This is the mail archive of the gcc-patches@gcc.gnu.org mailing list for the GCC project.


Index Nav: [Date Index] [Subject Index] [Author Index] [Thread Index]
Message Nav: [Date Prev] [Date Next] [Thread Prev] [Thread Next]
Other format: [Raw text]

Re: [committed] PR 51931: force non-MIPS16ness for long-branch tests (NOW RFA: MIPS16 Long Branch Patch)


Sorry for the late reply.  Been thinking it over a bit more.

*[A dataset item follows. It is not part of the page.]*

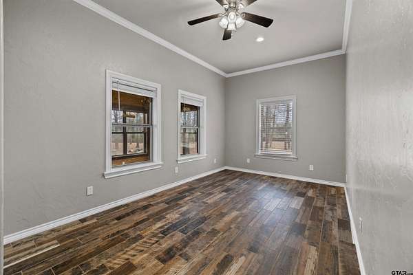 Welcome to a truly rare multi-use estate in Northeast Texas, offering just over 8 gated acres with the ideal blend of luxury living, business potential, and room to spread out. The main residence is expansive and thoughtfully designed, featuring 5 bedrooms (with flexibility for more), 4.5 baths, and two spacious living areas. You'll be in awe of the oversized kitchen--complete with granite countertops, a large island, walk-in pantry, separate cooktop with pot filler--perfect for entertaining or everyday living. Downstairs you'll find the spacious primary suite, a cozy living area with fireplace, and two additional flex rooms that can easily serve as a home office, sunroom, gym, or creative space--make it your own. Upstairs offers even more versatility with a second living area, two ensuite bedrooms, two additional flex rooms ideal for a media room, workout space, or oversized closets, plus two more bedrooms and another full bath. Step outside to enjoy an inviting outdoor kitchen and firepit, tucked among thoughtfully cleared trees--great for relaxing or hosting guests. A lean-to shed provides shelter for a horse or other animals, adding to the property's versatility. For those needing serious workspace, this property delivers with two large shops--approximately 7,400 sq ft and 3,900 sq ft--both on concrete slabs with electric and water. The smaller shop includes an office with a half bath, ready for immediate use. Whether you're looking to live and run your business from one location, expand your operations, or simply enjoy wide-open space with upscale comfort, this one checks every box. Come see all this exceptional property has to offer!
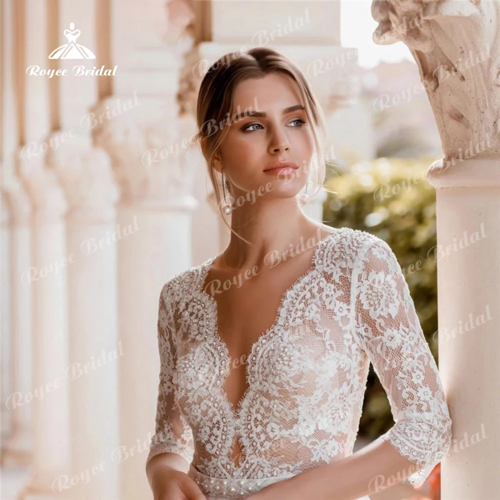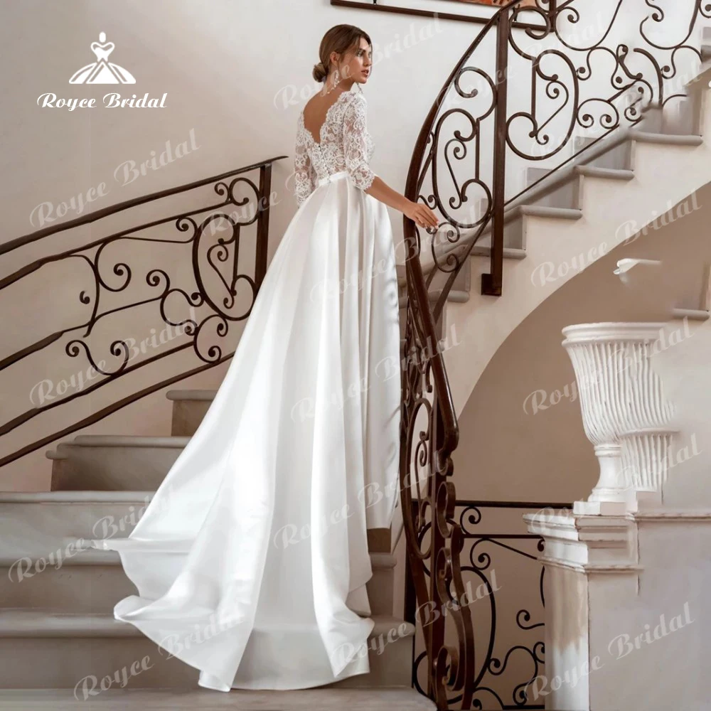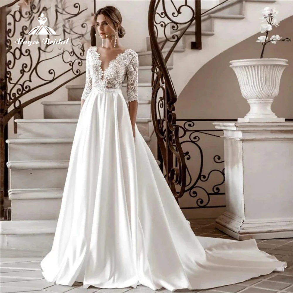 Женское атласное платье до пола, элегантное кружевное свадебное платье-трапеция с V-образным вырезом и рукавом до локтя, осень

"Moore, Catherine" <Catherine_Moore@mentor.com> writes:
> Now that we are in the window for 4.8, I'd like to discuss the
> possibility of applying this patch.  Have you had a chance to think
> about it?

In the end, I think we should go for the fix originally suggested
in the PR: a sequence that saves a scratch register to $1 and restores
it in the delay slot.  I checked with the MIPS UK guys that there aren't
any known gotchas with doing that, which shows how long this has been
in the making.

The quality of the scratch sequence is clearly vastly inferior to your
version in the "common" case, but the point is that that case isn't
really all that common, and this way should at least be fully general.
The problem with inserting branch trampolines separately from laying out
the constant pool is that one could interfere with the other.  There are
also corner cases where we need more trampolines than we have room.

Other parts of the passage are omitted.